Reproduce the listing exactly, with no pictures in your copy.

=== Information shown ===
=== Section Start ===

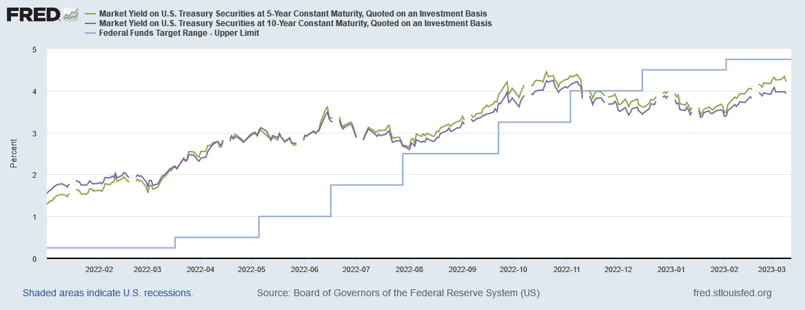 By the time SVB unloaded their interest-bearing portfolio, the yields on both the 5-Year and 10-Year Treasuries had resumed rising, after having plateaued and then declined during the last two months of 2022.
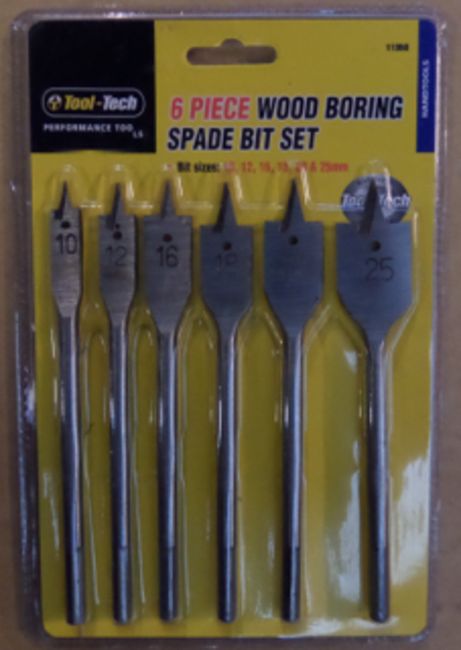 17 x Tool tech 6 piece wood boring spade bit set. Bit sizes: 10, 12, 16, 18, 20, 25MM. Brand new and packaged. High retail value
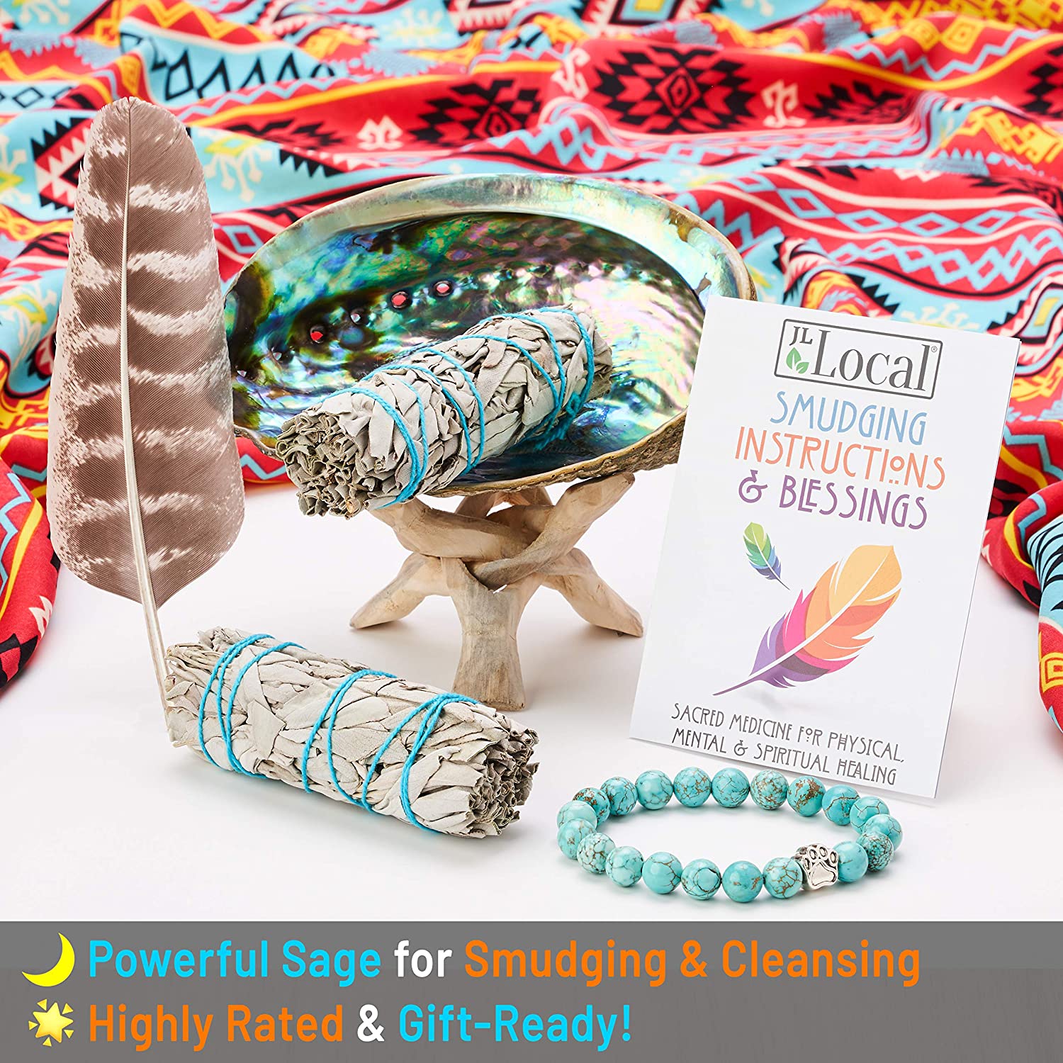JL Local 2 White Sage Smudge Stick Smudging Kit Abalone Shell & Stand, Turquoise Bracelet, Instructions & Blessings, Smudge Kit White Sage Incense Sticks for Cleansing

=== Section End ===

=== Answer area ===
 By the time SVB unloaded their interest-bearing portfolio, the yields on both the 5-Year and 10-Year Treasuries had resumed rising, after having plateaued and then declined during the last two months of 2022.
 17 x Tool tech 6 piece wood boring spade bit set. Bit sizes: 10, 12, 16, 18, 20, 25MM. Brand new and packaged. High retail value
JL Local 2 White Sage Smudge Stick Smudging Kit Abalone Shell & Stand, Turquoise Bracelet, Instructions & Blessings, Smudge Kit White Sage Incense Sticks for Cleansing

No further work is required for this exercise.